To train and evaluate ChatNT, we converted datasets of genomics tasks into instructions datasets by framing each task in English (Supplementary Fig. 1; see Methods and the following ‘Results’ sections). We created for every task a train and test file each containing the respective DNA sequences combined with curated questions and answers in English. See Fig. 1c for an example of question and answer for predicting RNA degradation levels: ‘User: Determine the degradation rate of the human RNA sequence @myseq.fna on a scale from −5 to 5. ChatNT: The degradation rate for this sequence is 1.83.’, where the projected embeddings of the candidate DNA sequence are inserted at the @myseq.fna position. We keep the same train–test splits as the original sources of each task and use different questions for train and test to assess the English generalization capabilities of the model. This allows one to evaluate not only the agent capability to generalize between DNA sequences but also its robustness to the English language used. We also provide a flexible way to interleave English and DNA sequences through the usage of positional tags (@myseq.fna), allowing users to refer to several sequences in the same question.

ChatNT is trained to solve all tasks simultaneously, with a uniform sampling over tasks per batch. Multitasking is achieved by ChatNT by prompting in natural language, where the question asked by the user will guide the agent towards the task of interest. Given a text prompt and one or multiple DNA sequences as input, ChatNT is trained to minimize a unified objective for all tasks, which takes the form of the cross-entropy loss between ChatNT predictions and the target answer tokens, as in other instruction fine-tuning works^32,33. This single objective allows one to learn seamlessly across tasks without introducing conflicting gradients or scale issues coming from different objectives and loss functions (for example, cross-entropy for classification versus mean squared error (MSE) for regression). In addition, it allows us to extend the model with additional tasks in the future without requiring changes in the model architecture or training it from scratch. In summary, ChatNT provides a general genomics AI system that solves multiple tasks in a conversational manner, thus providing a different paradigm for genomics models.

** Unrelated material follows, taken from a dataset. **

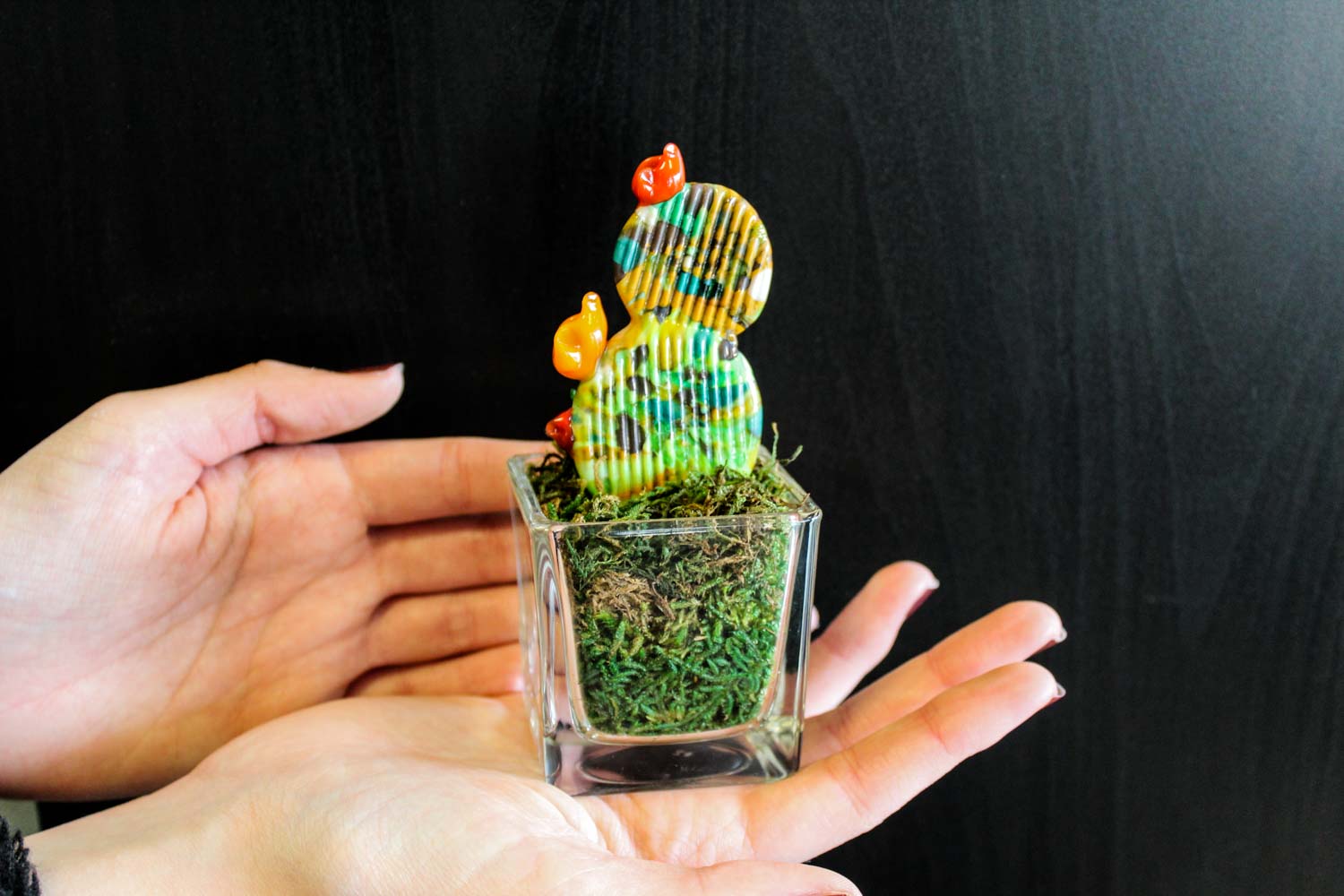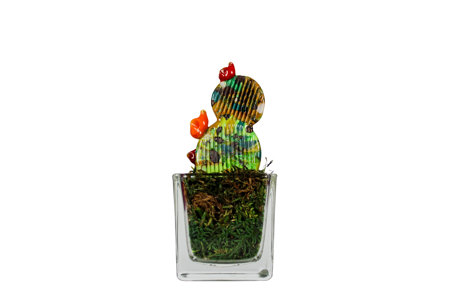 This succulent plant imitation with round leaves is a true jewel of nature, a precious glass artistic creation hand-forged by our master glassmakers from the Murano island with the “lume” technique. Its fleshy leaves seem to be illuminated by light, as if they were small treasures hidden in the glass vase that accompanies them. Its intense and bright green, together with the other colors of the glass, creates a unique and spectacular color contrast, capable to catch anyone’s attention and glance. This glass succulent plant is a precious gift, an idea for a bonbonniere that combines the beauty of nature and the millenary art of Murano’s glass makers. This is a present that will last over time, like the indelible memory of a special moment. Each time that you’re going to look at this Murano glass creation, you will be surprised by its beauty and by its ability to bring elegance at home.

In addition to seamlessly integrating multiple types of labelled and experimental data into a single general foundation model, ChatNT is designed to be conversational to enable users to easily interact with it and to use it without requiring a programming background (see examples in Supplementary Fig. 1). We rely on a frozen English language model, Vicuna-7b³², that has been instruction fine-tuned from LLaMA³⁰. ChatNT keeps all the intrinsic conversational capabilities of the language model. Interestingly, we observed that, as the training dataset used to build LLaMA already contained a large set of life sciences papers, our agent is also capable to answer multiple questions about genomics, including defining regulatory elements such as promoters and enhancers, zero shot, that is, without any additional training data. In addition, ChatNT can answer numerous non-biology-related questions and solve tasks such as summarizing or writing simple programming code. As our approach is general and builds on top of any pretrained English language model, ChatNT capabilities can improve organically with new and more powerful open-sourced language models. While the conversational capability is an important aspect of ChatNT but is already provided by the respective language model, we focused in this work on demonstrating that the conversational agent ChatNT can solve a wide range of advanced genomics tasks in English with high accuracy.

ChatNT achieves improved performance on a genomics benchmark

To develop ChatNT and optimize its architecture, we created an instructions version of the Nucleotide Transformer benchmark¹⁵ (Methods and Supplementary Table 1). This collection of genomic datasets is suitable for fast iteration during model experimentation as it contains a varied panel of small-sized datasets and has been extensively evaluated in multiple studies of DNA foundation models^15,17. We trained ChatNT to solve all 18 tasks at once and in English and evaluated its performance on test set DNA sequences and questions.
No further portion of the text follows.